Adam Broomberg and Oliver Chanarin’s investigations into the history of photography have led them into a war zone and the psychic realm. Northern Ireland provides the current point of departure for their ongoing, carefully conducted research into the construction, appropriation and interpretation of photographic images. The British duo’s handling of archival footage of Belfast is no less sensitive and specific: reproduced and re-framed here to alert one to the everyday humanity within and shifting evidential validity of contested images.
The tax-disc sized apertures of a 30-strong, untitled yet perfunctorily subtitled series of heavily mounted images reveals much about the influence of presentation on content. While ‘Untitled (Trees)’ appears to be a partial image of just such, others convey more or less than a caption ever could. ‘Untitled (Boy with Sign)’, is actually a surreal Gillian Wearing-type social portrait, whereas ‘Untitled (Cracked Glass)’ might be evidence of an unremarkable accident but one immediately thinks crime scene.

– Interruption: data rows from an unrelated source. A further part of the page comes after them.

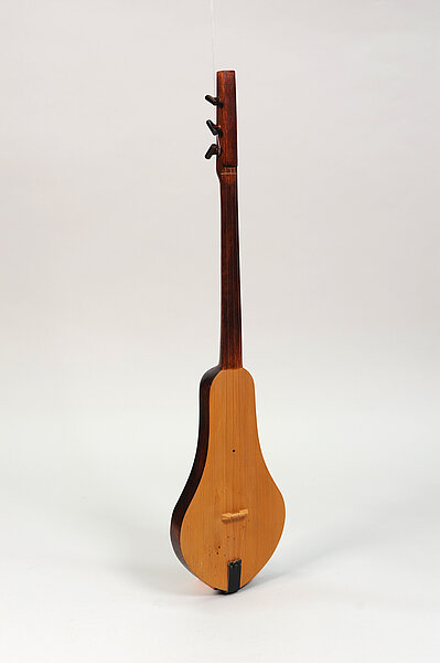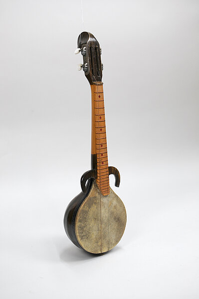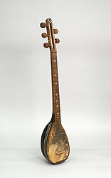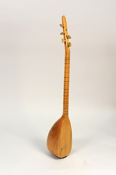 Bei dem neben abgebildeten Instrument handelt es sich vermutlich um einen Tambur aus dem kaukasischen Raum. Er ist sehr einfach aus einem Stück Nussbaum- oder Maulbeerbaumholz herausgearbeitet, hat Bünde aus Metalldraht, und fünf Metallsaiten, die an vorder- und seitständigen Wirbeln befestigt sind.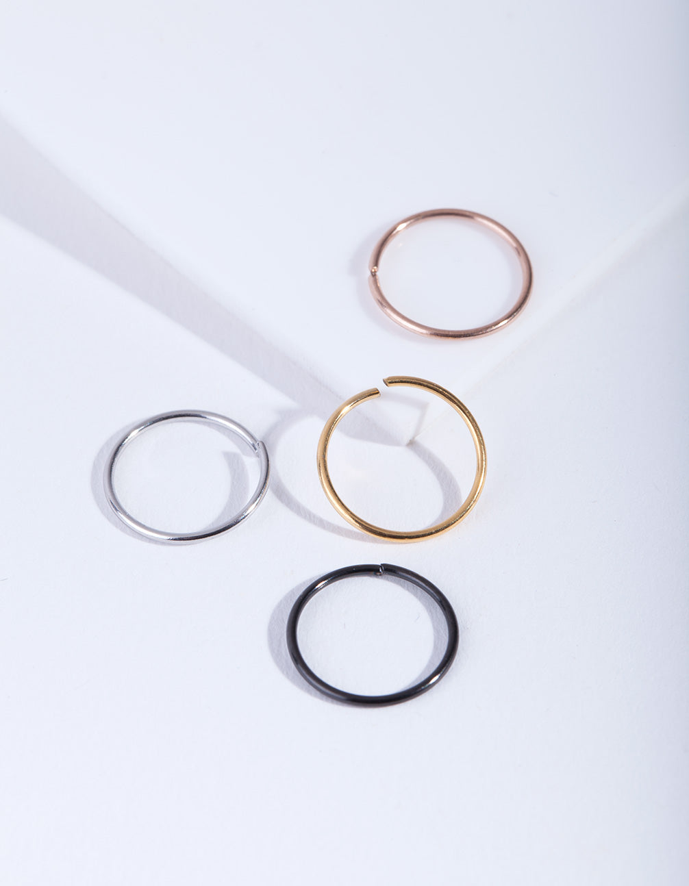 Lovisa body jewellery is made from surgical steel, making it the perfect option for everyday wear. This collection has been made with piercings in mind and features both trend-led and classic styles that you can swap out to suit any occasion. This pack comes with a variety of classic nose rings in mixed metal tones. Mix and match your nose rings to coordinate with a variety of mixed metal accessories!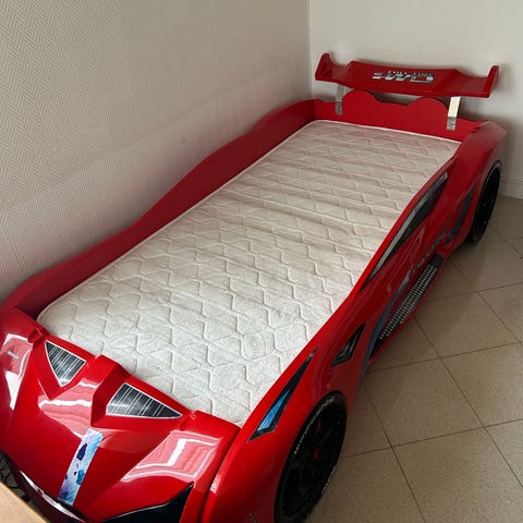 Racer børneseng udformet som en sportsbil i hvid farve. Sengen har integreret LED-lys langs sider og ved hjul, samt lys i fronten. Der medfølger fjernbetjening til styring af lysfunktionerne. Sengen er velegnet som juniorseng til børn, og madrassen ligger nedsænket i sengens ramme. På billederne ses mindre brugsspor på overfladen. Egnet til brug på børneværelse som sovemøbel og som tematiseret bilseng.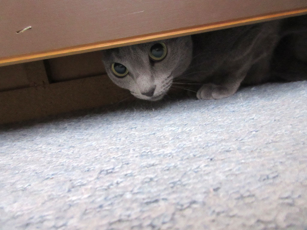 ロシ子は女の子なので、私的には、気の強いテキパキした子よりも、こんな感じのビビりでおっとりした子の方が好みなのですが、まさしくロシ子はそんな子で、見知らぬ声が1階から聞こえて来ただけで、こんな風に隠れてしまうロシ子が、私はとってもかわいくて愛おしいのです。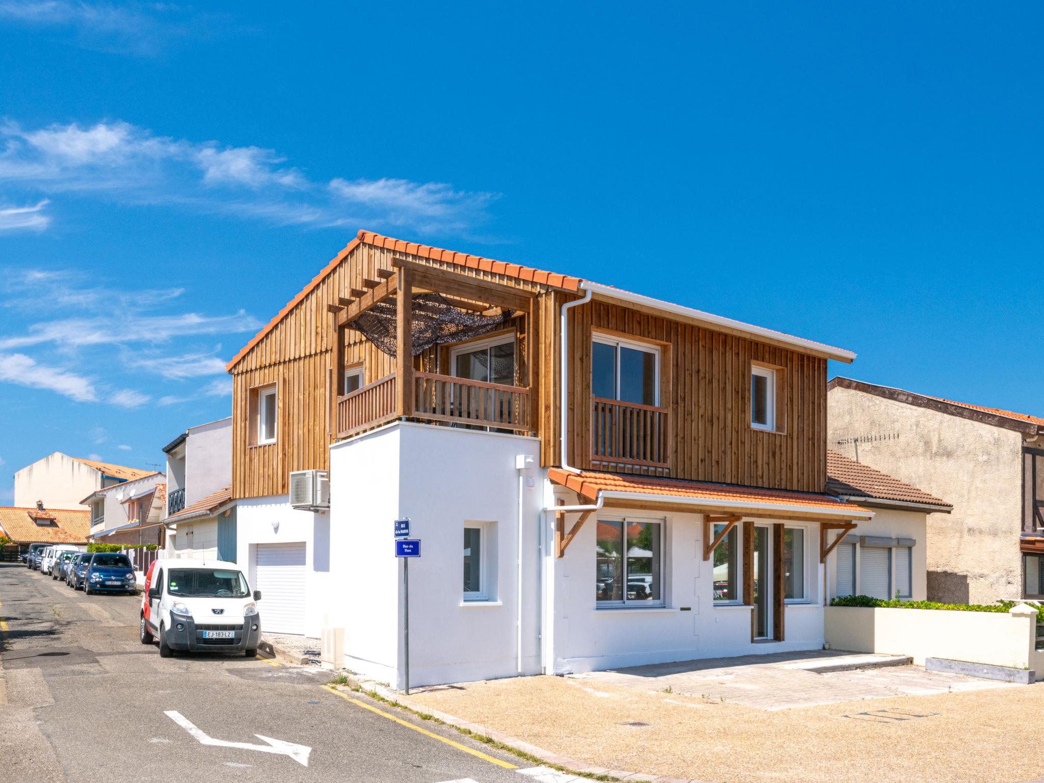 Apartment block "La Pergola". In the centre of Mimizan Plage, in a central, busy position. In the house: storage room for bicycles. Shop 200 m, grocery 100 m, supermarket 600 m, restaurant 10 m, bakery 150 m, bicycle rental 500 m, bus stop 270 m, sandy beach "La jetée" 150 m, park "Landes aventures" 6 km, bathing lake "Aureilhan" 10 km. Golf course (9 hole) 6 km, surf school 400 m, riding stable 10 km. Nearby attractions: Bordeaux 120 km, Arcachon 70 km, Bisacrrosse 40 km, Centre nautique 7 km, Casino Mimizan Plage. Hiking paths: Parc régional des landes 45 m.

Three large C-prints – headshots and a photojournalistic crowd scene obscured by red dots and anonymised by marker pen lines and scribbles – may recall the compostional strategies of John Baldessari and Jenny Holzer but in fact point to earlier editing processes in the public life of these images.
This super-spare installation certainly suits the showroom dynamic of Paradise Row’s new West End space, but is entirely appropropriate given the artists’ particular purpose. It’s Broomberg and Chanarin’s clean cutting and re-presentation of these photographs out of context that facilitates engagement with the complexities of reading images while swimming in the post-postmodern pool.